11th Nov 2024 18:00 hours
Stephenson Building, Newcastle University, Newcastle upon Tyne NE1 7RU
This event is hosted by the Northern Geotechnical Group (NGG).
This event is planned as an in-person event.
Advance booking is required, via the button below.
Photographs may be taken at the event and used for BGA promotional purposes; if you have any objections please contact the BGA via email.
The Touring Lecture was established by the British Geotechnical Society (the predecessor to the BGA) in the 1980s to provide support to Regional Geotechnical Groups in the UK by bringing eminent geotechnical professionals from overseas to deliver a lecture on their particular expertise. The Lecture is biennial and is held at three venues around the country.
Dates of BGA Touring Lecture 2024:
Monday 11th November 2024 – Newcastle, Hosted by the Northern Geotechnical Group (NGG)
Tuesday 12th November 2024 – Birmingham, Hosted by the Midlands Geotechnical Society (MGS).

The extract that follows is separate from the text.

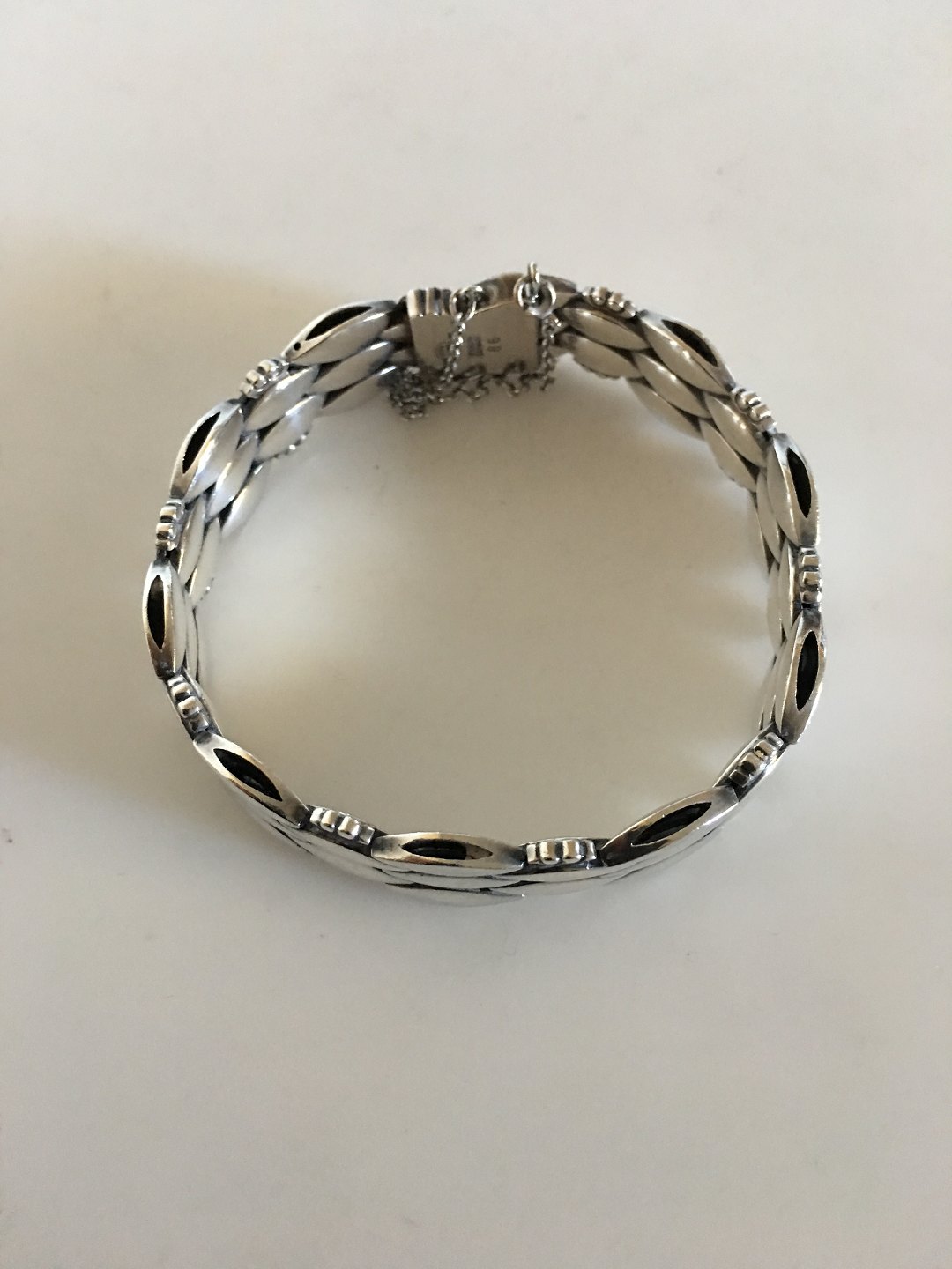 Georg Jensen Sterling Sølv Armbånd No 86. Med sikkerhedskæde. Designet af Harald Nielsen. Måler 19 cm x 1,3 cm bredt. Vejer 40 g. Fra efter 1945.

Details HERE.
Wednesday 13th November 2024 – Bristol, Hosted by the BGA Southwestern Group (BGA SW): Details HERE.
During geotechnical and geophysical site characterisation for large infrastructure projects, significant data volumes are being collected which need to be processed and interpreted. Moreover, the feedback from foundation construction (e.g. pile driving) provides valuable feedback on the actual ground conditions at the site. Due to the limited budgets available for site characterisation and the various sources of uncertainty, the interpretation of ground investigation data and installation records relies on a combination of data from various sources (e.g. in-situ test, laboratory tests and pile load testing), the use of parameter correlations from the literature and expert judgement.
In recent years, modern data science techniques have become increasingly accessible to practicing engineers and researchers and they offer the possibility to improve several aspects of the site characterisation and foundation design process. Machine learning models can be trained on high-quality datasets and expert judgement can also be internalised in the model formulations. In this contribution, the role of data science and machine learning for geotechnical site characterisation and design is discussed based on several example applications using datasets from offshore wind farm projects. The role of data coverage and data quality is discussed as well as the role of geophysical data for interpolating geotechnical point measurements in a quantitative way. Supervised and unsupervised machine learning techniques are explained and illustrated on the provided datasets. The lecture aims to provide engineers an insight into the applicability of machine learning in their daily practice and on the potential issues which may arise when using these methods.
After working in offshore geotechnical consultancy for more than 10 years, Bruno was appointed as Visiting Professor for Offshore Geotechnics at the Geotechnical Laboratory of UGent in 2019. In parallel, he took up a research position at OWI-Lab (VUB/UGent). He is responsible for the Offshore Foundations course and supports the other geotechnical courses in the curriculum. His research interests include geotechnical data management, farm-wide back-analysis of soil structure interaction, the application of data-driven methods to geotechnical design and probabilistic methods.